MiST Information

Here you will find a brief description about the MiST database and how to use the MiST database to its full extent. Follow the links below to quickly navigate to a topic of interest

Starting with MiST - how to work with selecting organisms and direct querying

Taxonomy selector - select organisms based on their taxonomy
Organism list
Search for organism name or GI

Querying multiple organisms
View organism page

Genome summary
Signal transduction profile (legend)
Querying
Table of signal transduction proteins by replicon

View protein page

Basic protein/gene information
Domain architecture
Chromosome view

Bioinformatic tools used in MiST
Pfam and SMART domains used to predict signal transduction proteins

Starting with MiST

Generally, exploring MiST first involves selecting one or more bacteria to compare or navigating to an organism of interest.
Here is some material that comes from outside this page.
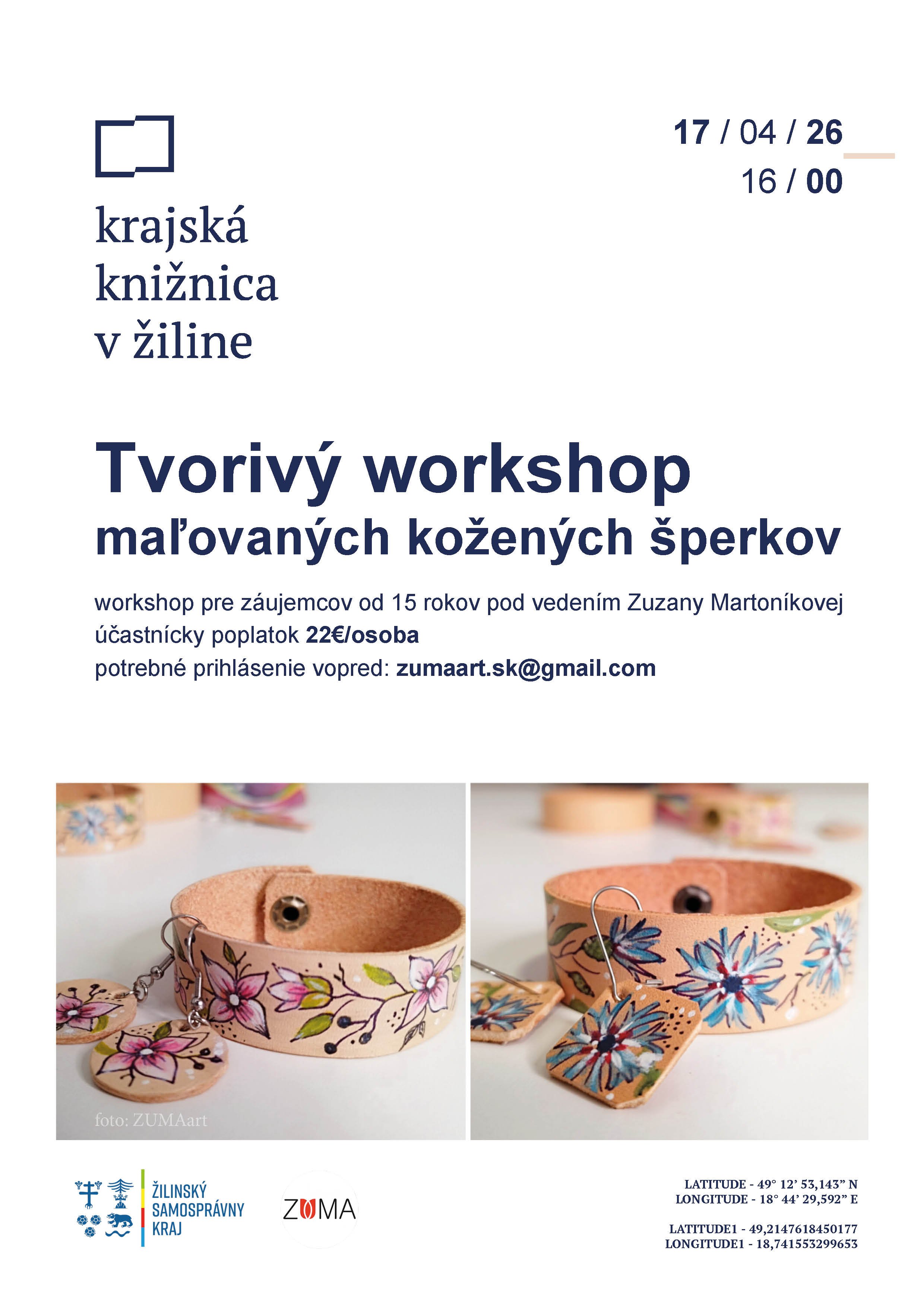 Objavte čaro tvorby originálnych kožených  šperkov na kreatívnom workshope pod vedením Zuzany Martoníkovej (ZUMAart), ktorý sa uskutoční 17. 4. 2026 o 16.00 v Krajskej knižnici v Žiline. Podujatie vychádza z jej autorskej umeleckej tvorby, dlhodobého výskumu a praxe a ponúka jedinečný pohľad do procesu vzniku umeleckého diela. Počas workshopu si účastníci vyskúšajú originálne techniky maľovania na kožu, nahliadnu do autorského tvorivého procesu a budú mať priestor na vlastnú tvorbu aj reflexiu.

There are three major entry points into exploring MiST from the homepage: the taxonomy selector, organism list, and querying.

Taxonomy selector

This taxonomically-organized approach to finding organisms of interest is best suited for performing queries across multiple organisms. The taxonomy based selector organizes and displays a list of organisms in a hierarchical fashion according to their taxonomy. The number of organisms associated with each taxonomic designation is given in parentheses beside its name. Clicking on the 'Show/Hide' link beside each taxonomic designation will reveal the organisms belonging to that particular group.

The taxonomy level represents the depth or extent to which organisms are grouped taxonomically. The current taxonomy level defaults to phyla and is displayed with a green font. You may view the taxonomic tree at a different level by clicking on the desired taxonomic level (e.g. class, order, etc.)
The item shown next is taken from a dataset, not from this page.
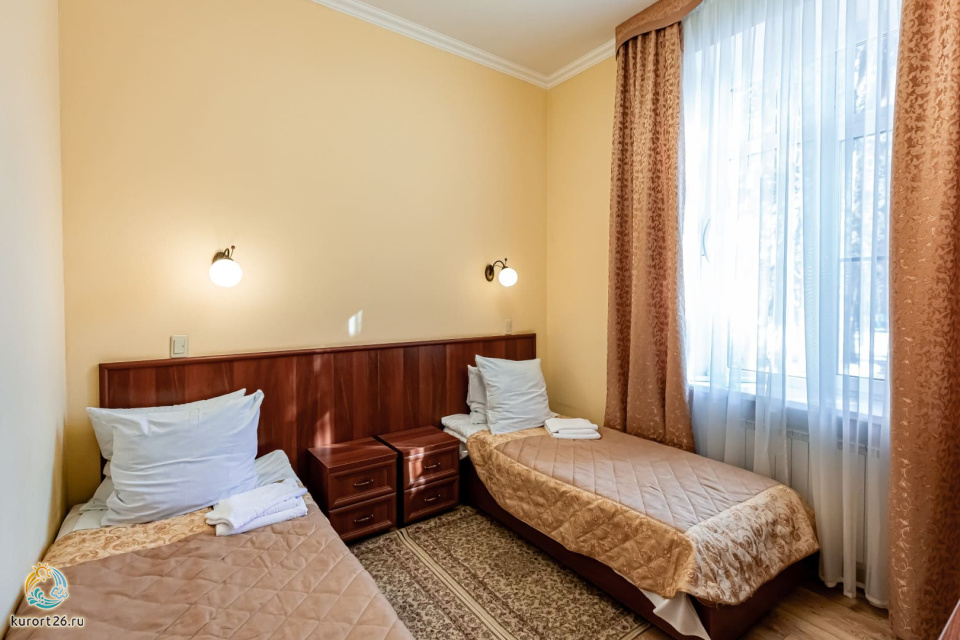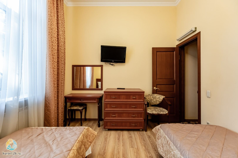 холодильник, телевизор, набор чайной посуды, балкон, душ, телефон, кресло, две односпальные кровати

There are a couple of means for selecting an organism(s). The most intuitive method invovles display the organisms beneath a taxonomic designation by clicking on the 'Show/Hide' link and clicking the organisms of interest. Once an organism is selected it will display a check in the checkbox beside its name.

The second alternative method selects/deselects groups of organisms belonging to a particular taxonomic designation. Clicking on the small gray button beside a taxonomic designation selects (or deselects) all the organisms belonging to this group. For example, to select all Cyanobacteria, make sure the taxonomy level is set to phyla and then push the button beside Cyanobacteria. Clicking the 'Show/Hide' link beside Cyanobacteria should reveal that all cyanobacteria species have a check in the checkbox beside their name.

After selecting all the organisms of interest to compare, click the button labeled 'Select Oragnisms' to continue the analysis. For more information about comparing these selected organisms, see the querying multiple organisms section.

Organism list

The organism list displays the complete list of bacterial and archaeal genomes contained in the MiST database along with some of their basic information (e.g. GC content, number of genes/proteins,etc.). The list is sorted alphanumerically by the organism name; however, clicking on the header column labels (displayed in reddish-brown) will sort by that column. Click on the name of a given organism to view details about its signal transduction capabilities. To learn more about the details of the selected organism, see the view organism section.

Querying MiST from the homepage

There are two means of querying MiST from the homepage: 1) By organism name, or 2) Genbank Identification (GI) number.

To query by organism name, make sure 'Organism' is selected and type part (or all) of the organism name in the adjacent text box and push the search button. Any organisms that match the given text will be displayed with links to viewing their signal transduction capabilities (see the view organism section). Any keywords separated by spaces will be interpreted as separate queries, allowing the user to search for multiple organisms simulatenously.

To search for proteins in MiST that match a given GI, make sure 'GI number' is selected and type in one or more GI numbers separated by spaces and push the search button. If a protein within MiST matches the given GI number, a link to this protein will be displayed including its associated organism. Frequently, the given GI number will not hit a direct match in the MiST database. This is due to many GI numbers identifying the same sequence. If this happens, an attempt will be made to find proteins within MiST that have an identical sequence to the sequence represented by the query GI number. Clicking the link to a particular protein will display the View Protein page with variuos information about that protein. For more information about viewing proteins, see the view protein section.

Querying multiple organisms

MiST makes it possible to query multiple organisms for proteins containing a particular domain(s), description, locus, GI number, or internal MiST identifer. First select two or more organisms via the taxonomy selector. This next page, the select analysis page, displays the list of selected organisms in a tree-like list according to their taxonomy. Next, select the type of search to perform (e.g. Domain, description, etc.), fill in the search terms of interest, and push the search button. The query will be executed against each organism that was selected.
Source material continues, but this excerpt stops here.